Micrologie d’une décadence
Me voilà donc au bout du monde, aux Marquises, écrivant face à l’océan Pacifique. Pour quoi faire ? Lire ou relire Segalen est intéressant, certes. Découvrir la pensée de Gauguin, qui semble avoir ouvert la voie intellectuelle à Segalen à une époque où il se cherche et doute de lui, présente également un intérêt, mais pourquoi vouloir faire l’archéologie de cette vision du monde ?
Segalen est poète et archéologue, voyageur et sinologue, ethnologue et romancier, mais aussi penseur et philosophe en dehors des clous de la pensée telle que l’Institution la définit. Il n’est pas un professionnel de la profession, comme dirait l’autre, ce qui en fait une figure attachante à mes yeux. Il vit sa pensée, il pense sa vie, il ne croit pas aux concepts détachés de la vie philosophique qui les accompagne. Victor Segalen vit pour penser, il pense pour vivre. En ce sens, il s’avère bien plus philosophe que nombre de ceux qu’on étiquette habituellement comme tels.

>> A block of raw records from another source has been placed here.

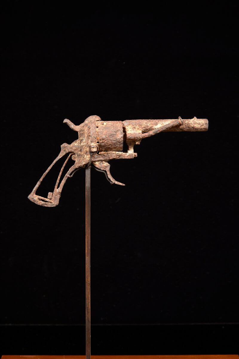 Револьвер нашел фермер в 1965 году, недалеко от города Овер-сюр-Уаз во Франции, где художник провел последние месяцы жизни. Винсент Ван Гог выстрелил себе в живот 27 июля 1890 года, он смог добраться до отеля, где его осмотрел доктор. Спустя 2 дня художник умер со словами “печаль будет длиться вечно”. Существует теория, что его могли случайно подстрелить.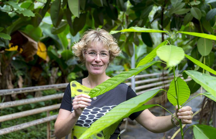 Rækta kakó- og kaffibaunir í gróðurhúsi í Hveragerði Kristjana Björg Guðbrandsdóttir skrifar 11. september 2015 07:00 Guðríður Helgadóttir segir fyrstu kakóuppskeruna væntanlega. vísir/vilhelm „Við fengum fræ af kakóplöntum fyrir þremur árum og stærsta plantan er orðin einn og hálfur metri á hæð, við vonumst til að fá kakó af henni fljótlega,“ segir Guðríður Helgadóttir, staðarhaldari á Reykjum í Ölfusi. Fimm plöntur þykja vænlegar og blómstra í hitabeltisgróðurhúsi. Í gróðurhúsinu er komin góð reynsla af ræktun kaffibauna. Þar eru fimm kaffirunnar sem gefa af sér góð aldin. „Það verður góð kaffibaunauppskera í ár, einn runni gefur gul aldin og annar rauð, þetta er mjög fínt kaffi. Fyrir ári buðum við fólki að kaupa kaffi af okkur, þá gat fólk bæði keypt sér kaffibolla og tekið með sér kaffi heim. Að sjálfsögðu var þetta dýrara en kaffi úti í búð, enda er ekki mikið magn í boði en þetta vakti mikla lukku. Ég er viss um að með vaxandi ferðamannaiðnaði gæti einhver ræktað íslenskt kaffi og kakó til sölu.“ Gróðurhúsið er frægast fyrir bananaræktun sína. „Hér í Hveragerði er stærsta bananaplantekra í Evrópu, segir Guðríður. „Það er enginn svona snarbilaður eins og við Íslendingar að rækta banana á norðurhjara veraldar. Svo ræktum við litlar villiappelsínur sem eru rosalega góðar í alls konar marmelaði.“Íslenskar kaffibaunir hafa verið ræktaðar í Hveragerði um árabil.vísir/vilhelmGuðríður segir ljóst að sérframleiðsla sem þessi sé alltaf dýrari enda plássfrek. Aðrir hluti vegi þar á móti. „Við erum með okkar eigin hitaveitu þannig að við erum ekki að greiða fyrir það. Við gætum verið að rækta miklu fleiri tegundir en við gerum núna. Þetta er skemmtilegt verkefni og sögulegar minjar sem við erum að reyna að varðveita því við erum búin að rækta hitabeltisgróður í sextíu ár í Hveragerði.“ Mest lesið „Alla mína ævi var ég að reyna að verja hann fyrir kynþáttafordómum“ Innlent Saksóknari handtekinn við skemmtistað í sumar Innlent Lítið hægt að gera við kínverska vagna Strætó annað en að stöðva þá Innlent Björgunarsveitarkona miður sín: Fékk ítrekaðar athugasemdir um húðlit Neyðarkallsins Innlent Blóðugt barn eftir tilefnislausa árás í Kringlunni Innlent Þjófarnir lifðu eins og kóngar um stund Innlent Skulda annarri konu fleiri milljónir vegna launamismunar Innlent Gallinn varði í átta vikur og tveir komust úr landi Innlent Nauðguninni flett upp í LÖKE hjá þremur embættum Innlent Grunaður barnaníðingur komi ekki lengur nálægt BHM Innlent Fleiri fréttir Fjöldi gesta á vellinum myndi takmarkast við 5000 Mikil hætta skapist sé ekið á nýsteypta brúna Nauðguninni flett upp í LÖKE hjá þremur embættum Þyrstir fagna komu jólabjórsins til byggða Fær ekkert greitt því að hann er Íslendingur Óbreytt klukka stöðutaka gegn vísindum og lýðheilsu Bjargey meðferðarheimili: „Þetta var eins og lúxusneyslurými“ „Lúxus-neyslurými“, klukkan umdeilda og tímamót á börum Gallinn varði í átta vikur og tveir komust úr landi Saksóknari handtekinn við skemmtistað í sumar Tafir vegna óhapps við Sprengisand Meti kostnað og ábyrgð annarra á að greiða varnargarða Ný heilsugæslustöð tekin í notkun á Flúðum Lítið hægt að gera við kínverska vagna Strætó annað en að stöðva þá Skulda annarri konu fleiri milljónir vegna launamismunar „Þetta er flókið verkefni og ekki hægt að ráða við allar aðstæður“ „Set alvarlegt spurningamerki við að draga út einstaka þjóðerni fólks“ Engin eðlisbreyting þó fangavörðum sé breytt í starfsfólk Grafalvarleg staða hjá Norðuráli og frumvarp um brottfararstöð komið fram Staðgengill ríkislögreglustjóra til starfa í lagadeild HR „Alla mína ævi var ég að reyna að verja hann fyrir kynþáttafordómum“ Jafnréttisbaráttan gangi líka út á að gefa körlum tækifæri Ekki lengur gert ráð fyrir að fangaverðir starfi í brottfararstöð „Mig langar til að tala eins og Íslendingur – nákvæmlega eins og Íslendingur“ Kólnun á fasteignamarkaði: Færri skoða og lægra verð „Fullt af munum sem myndu ekki ganga kaupum og sölum á markaði“ Gagnrýnisverð hegðun Starfsmenn meðferðarheimilis: Fíkniefni, öryggisbrestir og óvirkt eftirlit Ugla Stefanía nýr sérfræðingur Reykjavíkurborgar Upplausn á meðferðarheimili og fleiri fölsuð lyf Sjá meira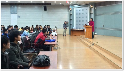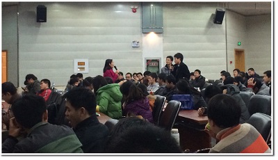 讲座于晚7点正式开始,活动现场吸引了近三百多位科大学子。由于长年在外企工作,叶老师对于外企文化有着深刻的理解。结合自己的切身经历,叶老师从如何开始准备找寻职业、具备怎样素质的大学生会受企业面试官的青睐、职场新人须知及职场经验智慧分享等角度进行了讲解。同学们细心认真地听取了叶老师的演讲,不时报以热烈的掌声。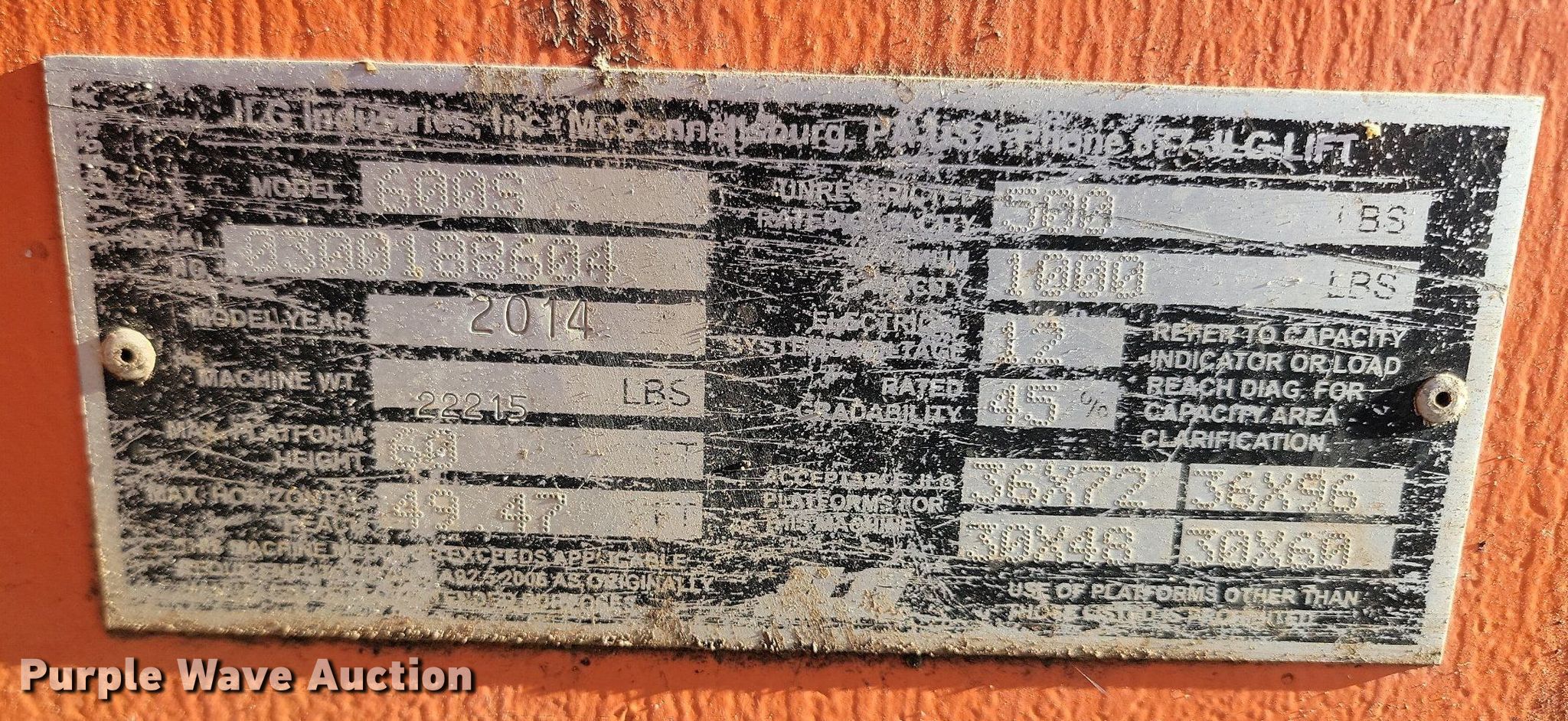 Purple Wave is selling a used Boom Lift in North Dakota. This item is a 2014 JLG 600S boom lift with the following: Hours: 8,682 on meter, Serial: 0300188604, Unit #: 10267892

Par ailleurs, il propose des pistes existentielles et ouvre des chemins dont certains sont restés vierges. Parmi ces chemins inempruntés, celui du penseur de civilisation. Certes, on connaît les artilleries lourdes d’un Vico ou d’un Hegel, d’un Toynbee ou d’un Spengler, mais elles sont massives, trop érudites, illisibles à force de détails, saturées de faux marbre intellectuel et de stuc verbal. Au contraire de ces penseurs qui trop embrassent et mal étreignent, Segalen travaille au scalpel, finement : il ne brasse pas des millénaires en mobilisant des références connues de lui seul ou en convoquant des géographies dont on se demande si elles existent vraiment, mais il se penche doucement sur une civilisation et l’examine tel un entomologiste, avec la plume lyrique d’un mythographe.